The answer consists solely of the lines running from the one with "刚刚结束的2023年韩国羽毛" through the final line below, transcribed exactly and without any pictures.

Dataset records
*****

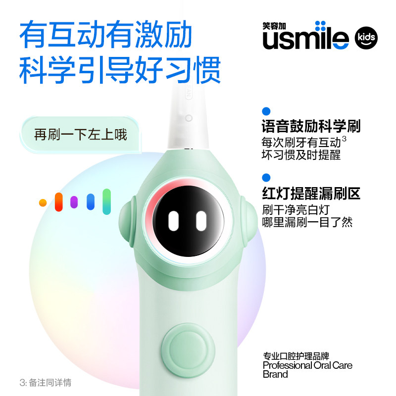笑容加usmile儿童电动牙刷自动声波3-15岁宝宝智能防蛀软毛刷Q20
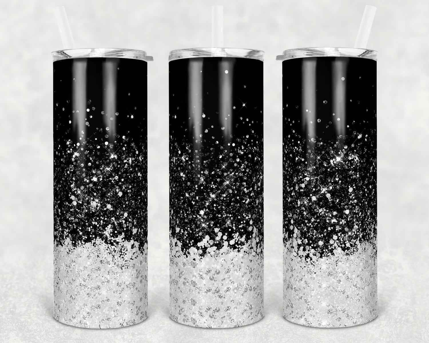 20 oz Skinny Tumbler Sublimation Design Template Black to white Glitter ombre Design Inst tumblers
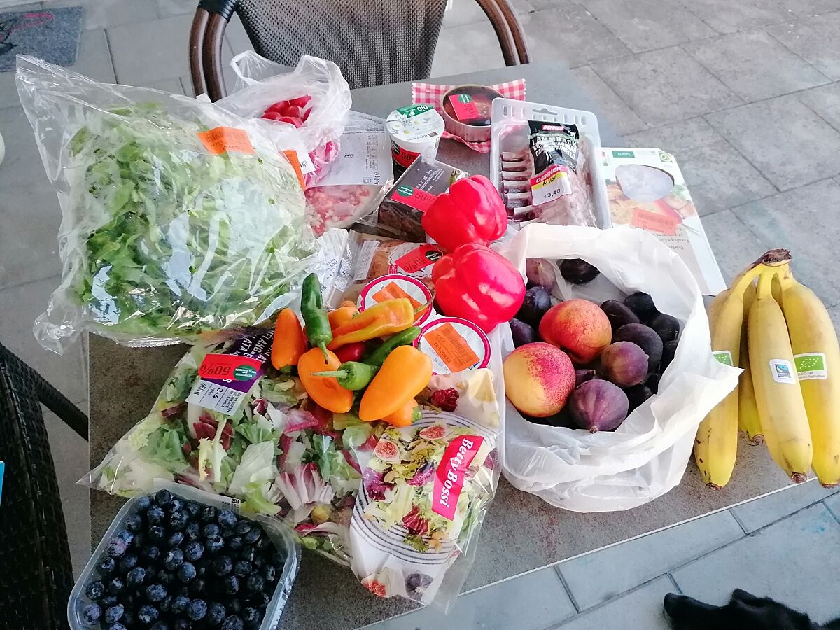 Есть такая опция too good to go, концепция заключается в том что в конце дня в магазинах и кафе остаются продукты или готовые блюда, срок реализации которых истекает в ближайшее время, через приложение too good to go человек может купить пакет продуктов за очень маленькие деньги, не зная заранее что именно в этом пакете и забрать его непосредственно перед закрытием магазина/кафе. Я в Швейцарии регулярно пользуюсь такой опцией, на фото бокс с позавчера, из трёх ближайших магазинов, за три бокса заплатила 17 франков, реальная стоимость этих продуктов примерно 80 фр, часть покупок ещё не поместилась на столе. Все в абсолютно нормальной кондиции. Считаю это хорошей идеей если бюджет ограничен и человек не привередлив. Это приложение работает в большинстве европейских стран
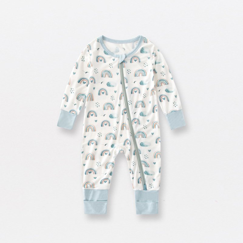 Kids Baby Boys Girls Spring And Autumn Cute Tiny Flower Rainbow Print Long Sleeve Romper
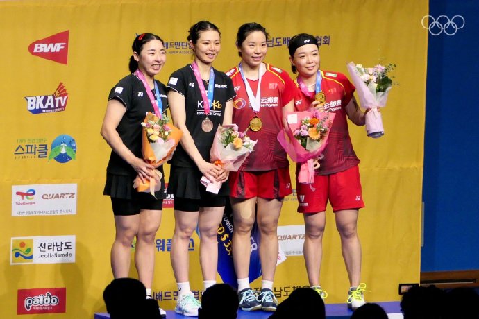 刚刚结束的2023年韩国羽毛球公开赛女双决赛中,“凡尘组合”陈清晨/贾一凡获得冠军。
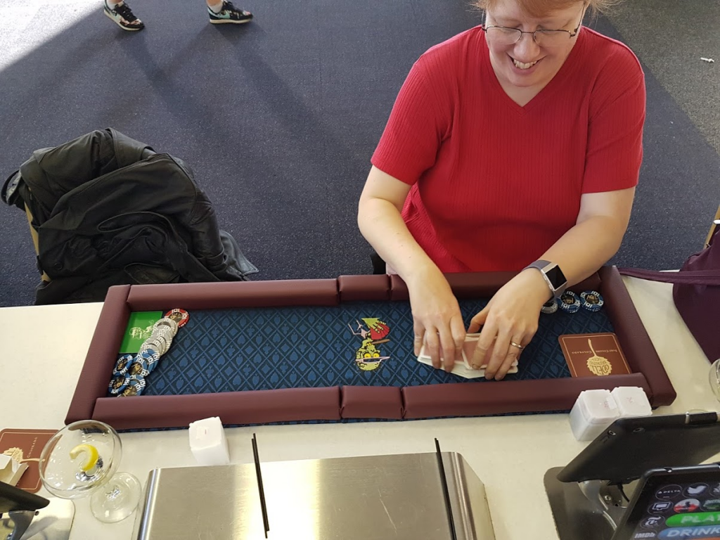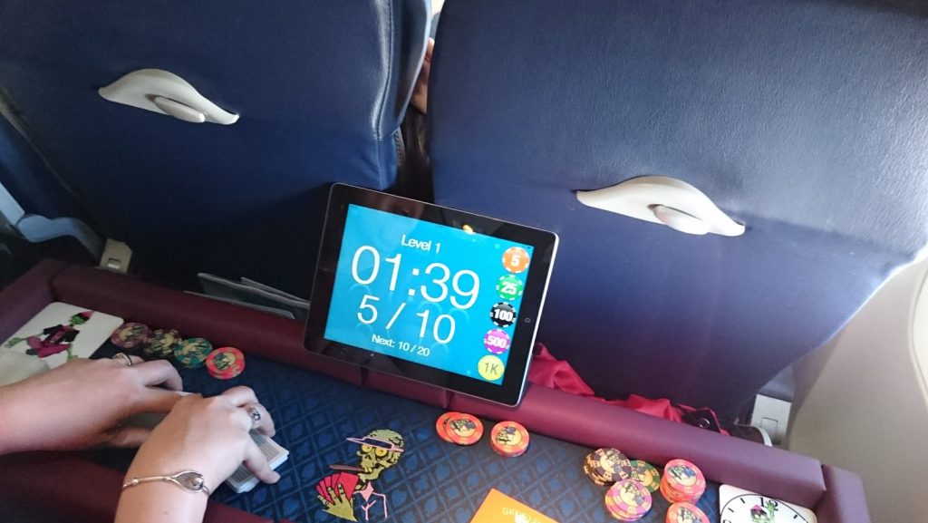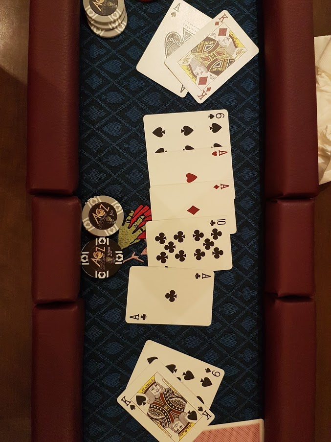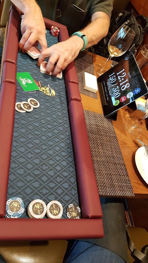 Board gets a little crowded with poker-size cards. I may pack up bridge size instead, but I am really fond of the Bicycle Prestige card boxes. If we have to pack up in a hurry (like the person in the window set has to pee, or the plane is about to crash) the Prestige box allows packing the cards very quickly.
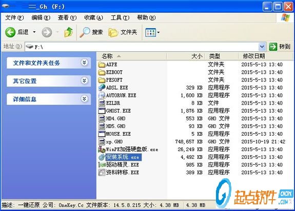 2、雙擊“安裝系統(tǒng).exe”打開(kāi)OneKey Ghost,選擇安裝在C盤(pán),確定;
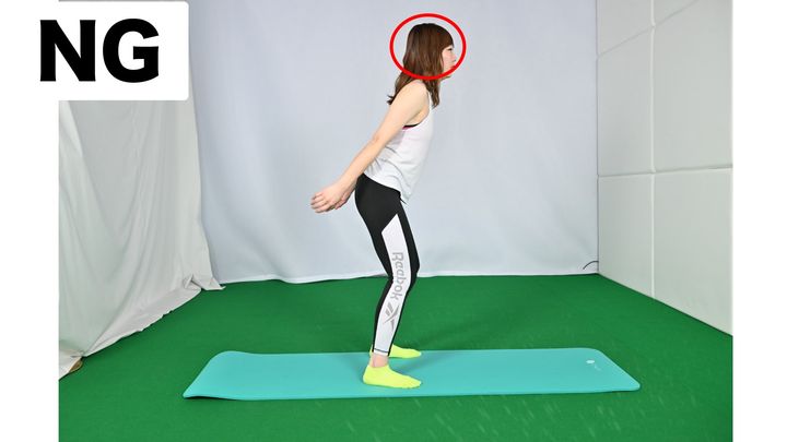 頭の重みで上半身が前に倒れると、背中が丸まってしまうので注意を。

*****

» Solution for this exercise:
 刚刚结束的2023年韩国羽毛球公开赛女双决赛中,“凡尘组合”陈清晨/贾一凡获得冠军。
 Board gets a little crowded with poker-size cards. I may pack up bridge size instead, but I am really fond of the Bicycle Prestige card boxes. If we have to pack up in a hurry (like the person in the window set has to pee, or the plane is about to crash) the Prestige box allows packing the cards very quickly.
 2、雙擊“安裝系統(tǒng).exe”打開(kāi)OneKey Ghost,選擇安裝在C盤(pán),確定;
 頭の重みで上半身が前に倒れると、背中が丸まってしまうので注意を。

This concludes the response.